Forgetting about the loss of seniors Ramone Moore, Juan Fernandez and Michael Eric will not be an easy task. The trio consists of last season’s leader in points, assists, three-point field goals, blocks and minutes. For the returning players the loss has been met by equal, and possibly greater, gain.
“We lost three good seniors, but we gained experience,” redshirt-sophomore forward Anthony Lee said. “We did lose good talent last year but we didn’t lose much, and we are more experienced now, even with [Moore, Fernandez and Eric] being gone.”
Senior forward Scootie Randall and junior guard Dalton Pepper are two players with experience that, unlike last year, will get chances to contribute. Randall redshirted his season due to a nagging knee injury while Pepper was forced to sit out a year after transferring from West Virginia. Having two players with more than a year separating them from their last meaningful collegiate game will add excitement and experience to Temple’s team, players said.
“[Randall and Dalton] are eager to get back out on the court,” senior guard Khalif Wyatt said. “They haven’t played a meaningful game in a long time. When [Kent State] comes around they will probably be the two most excited guys on the court.”
“They practiced with us all last year so there won’t be any rust in their game,” Wyatt added. “They are probably at the best they have ever been as far as skill-wise and being in shape. Now it’s just time to put it on the court.”
While players that were on the team but did not participate last year will be expected to make contributions, Wyatt is the player that will be expected to shoulder a majority of the workload. After a season in which he finished second on the team in points and first in steals and free throws, he is primed to command attention from opposing defenses.
“We are going to count on [Wyatt] to score a lot of points for us,” DiLeo said. “He has a lot of pressure on his shoulders but he knows that we are right there with him.”
“I want to be a leader on the court,” Wyatt said. “When things aren’t going our way, I want to be the guy that my teammates can count on to make a play. I wouldn’t say it is my team, but my teammates are counting on me just as much as I am counting on them.”
Who Wyatt will be counting on as his backcourt teammate is yet to be determined. Coach Fran Dunphy has yet to name a starter at the point guard position. Dunphy said either DiLeo or sophomore Will Cummings will start, and Wyatt could see time at the position as well.
“They bring three very different approaches to the game,” Dunphy said. “[Wyatt] has more knack for the game than anybody I have ever coached, but he is not the speed and quickness kind of guy. [Cummings] has speed and quickness and he can push the floor…but I might have to put up with some turnovers. Then you have a guy like [DiLeo] who is just a solid kid. He may not have the speed and quickness of [Cummings] or the craftiness of [Wyatt], but he takes very good care of the ball.”
After playing an average of 6.3 minutes per game behind Fernandez last season, Cummings said he is ready to establish himself with a bigger role on the team.
“As a competitor you want to play,” Cummings said. “But it was a great learning experience to have as a freshman.
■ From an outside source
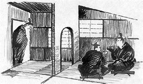 Чайная комната (Сукия) не претендует быть ничем другим, как лишь только маленьким домиком, соломенной хижиной, как мы ее называем. Слово "Сукия" значит "приют" фантазии" /значение первоначальный идеографов/. Впоследствии разные тимейстеры (мастера чая) вставили китайские знаки на место прежних, соответственно их концепции чайной комнаты, и термин "Сукия" может теперь означать "убежище пустоты" или же "убежище несимметрического". Это - приют фантазии, поскольку он представляет воздушную постройку, предназначенную укрывать поэтический импульс. Это - приют пустоты, поскольку он лишен всяких украшений, за исключением тех, которые помещаются в комнате, чтобы удовлетворить некоторым эстетическим потребностям момента. Это - убежище несимметрического, поскольку оно посвящено культу Несовершенного, и в нем намеренно оставлено кое-что незаконченным, чтобы дать место полету завершающей фантазии. Начиная с 16-го столетия, идеалы тиизма оказали такое влияние на внутреннее убранство обыкновенного японского дома, в смысле крайне простоты и целомудрия в замысле обстановки, что иностранцу он может показаться почти пустым. Первая чайная комната, как таковая была созданием Сенно-Соэки, который обычно известен под своим позднейшим именем Рикьу, и который был величайшим из всех тимейстеров. В шестнадцатом столетии под покровительством Таико Хидейоши, он установил и довел до высокой степени совершенства обрядовую сторону чайной церемонии. Размеры чайной церемонии. Размеры чайной комнаты были предварительно определены Иово, знаменитым тимейстером пятнадцатого столетия. Чайная комната, в своем первоначальном виде представляла просто часть обыкновенной гостиной, отгороженную ширмой для целей чаепития. Отгороженная часть называлась "Какой" (загородка), название, и сейчас применяющееся в отношении чайных комнат, которые устроены в доме и не представляют независимых построек. Сукия состоит из чайной комнаты собственно, предназначенной вмещать не больше, чем 5 лиц - число, наводящее на мысль об изречении: "Больше чем граций, меньше, чем муз": из передней /мидсуйя/, где моется и расставляется чайная посуда, перед тем, как внести ее в комнату; портика /макиаи/, где ожидают гости, пока их не пригласят войти в чайную комнату, и садовой дорожки /роджи/, которая соединяет макиаи с чайной комнатой. Внешний вид чайной комнаты очень прост. Она меньше, чем самый маленький из японских домов, а материалы, из которых она строится, предназначены производить впечатление утонченной бедности. Но надо помнить, что все, что в целом является результатом глубокого артистического замысла, и что детали были выработаны с тщательностью, может быть большей, чем приходится затрачивать при постройке богатейших дворцов и храмов. Хорошая чайная комната стоит дороже, чем обыкновенный особняк, потому что выбор материалов, а также выполнение требуют большой предусмотрительности и точности. Действительно, строительные рабочие, занятые в этой отрасли, образуют особый и пользующийся почетом класс среди ремесленников, так как их работа более тонка, чем работа изготовителей лакированных шкафов. Чайная комната не только отличается от произведений западной архитектуры, но и представляет резкий контраст с классической архитектурой самой Японии. Восточные древние благородные постройк

To get minutes and see how the college game is different from high school was a plus. The thing that [the seniors] taught me was to be a leader, that is the most important thing for me to do.”
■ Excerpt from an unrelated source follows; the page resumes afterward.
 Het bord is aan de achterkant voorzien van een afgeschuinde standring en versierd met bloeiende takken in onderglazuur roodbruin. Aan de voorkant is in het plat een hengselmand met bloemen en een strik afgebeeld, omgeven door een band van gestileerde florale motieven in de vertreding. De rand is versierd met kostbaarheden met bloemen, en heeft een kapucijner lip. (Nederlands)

Cummings’ experience may not be too different from what freshman guard Daniel Dingle receives this season. Temple’s highest-rated recruit by ESPN, Dingle might not find as many openings to see the court in his first year with a roster full of five seniors. What he does possess is a high basketball IQ, Dunphy said, something that makes the coach unafraid to give the true freshman minutes.
“His knowledge of the game is the strongest part of his game,” Dunphy said. “His basketball IQ is very good.”
“This year is going to be a learning experience, and I knew that out of high school,” Dingle said.
On how he would adapt to the changing athleticism from the high school game to the collegiate stage, Dingle said he doesn’t need to be the best athlete to succeed.
“Beating your opponents with your IQ, being smarter thinking one step faster than them,” Dingle said while explaining what steps he’d take.
It is uncertain whether Temple will receive more significant contributions from freshmen or extended minutes from upperclassmen. But one certainty remains: the players who were at the school last year don’t want their season to end in a similar fashion.
“This season is a fresh start,” Wyatt said. “We get a chance to go out and write a different ending to our story than the seniors from the past did.”